Exact reproduction is required for the lines below starting at the line with "dropbox/COLLECTION- Government/The White" and ending at the line with "She wants her", both included. No other lines, and no pictures.

**** Records for this exercise ****

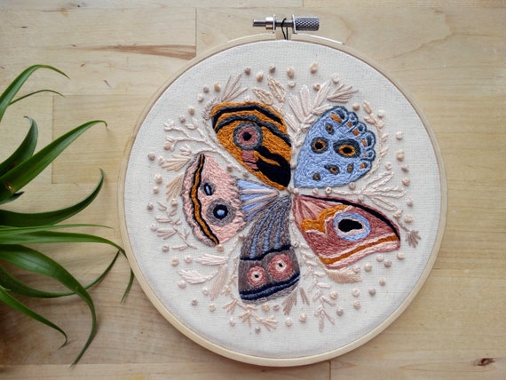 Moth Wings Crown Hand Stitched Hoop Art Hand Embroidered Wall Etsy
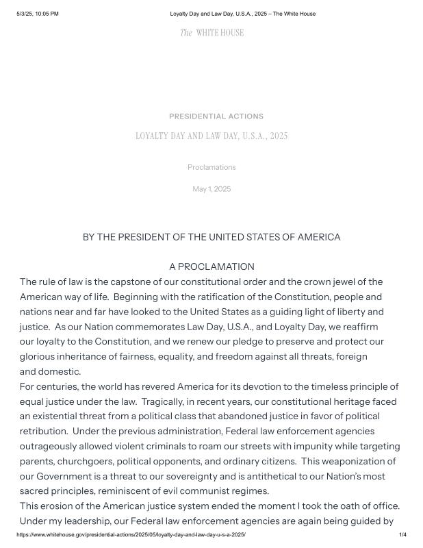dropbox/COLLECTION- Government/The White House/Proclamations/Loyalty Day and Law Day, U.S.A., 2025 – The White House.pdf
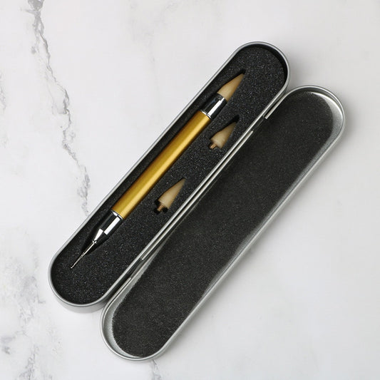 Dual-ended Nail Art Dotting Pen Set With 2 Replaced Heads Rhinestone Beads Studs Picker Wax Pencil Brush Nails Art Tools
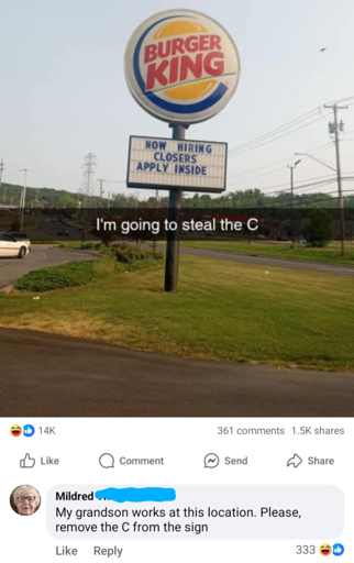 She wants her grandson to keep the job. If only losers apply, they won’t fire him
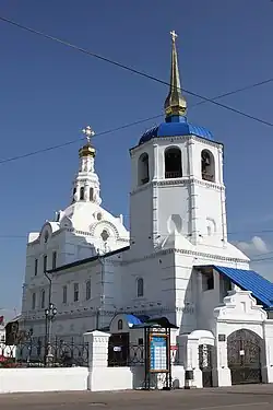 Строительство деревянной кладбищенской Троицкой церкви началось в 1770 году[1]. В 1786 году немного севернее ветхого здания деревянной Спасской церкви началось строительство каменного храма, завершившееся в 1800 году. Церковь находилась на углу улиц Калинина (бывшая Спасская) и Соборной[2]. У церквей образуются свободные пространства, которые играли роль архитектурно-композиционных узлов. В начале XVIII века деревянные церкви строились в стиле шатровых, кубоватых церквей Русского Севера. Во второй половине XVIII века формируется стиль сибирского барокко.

****
**** Records for this exercise ****

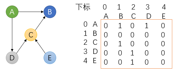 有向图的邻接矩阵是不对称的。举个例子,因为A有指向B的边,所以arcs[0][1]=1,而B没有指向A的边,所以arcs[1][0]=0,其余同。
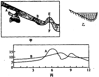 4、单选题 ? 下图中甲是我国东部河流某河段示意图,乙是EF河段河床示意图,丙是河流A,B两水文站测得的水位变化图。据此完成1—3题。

****

* _Answer to the problem_
dropbox/COLLECTION- Government/The White House/Proclamations/Loyalty Day and Law Day, U.S.A., 2025 – The White House.pdf
 Dual-ended Nail Art Dotting Pen Set With 2 Replaced Heads Rhinestone Beads Studs Picker Wax Pencil Brush Nails Art Tools
 She wants her grandson to keep the job. If only losers apply, they won’t fire him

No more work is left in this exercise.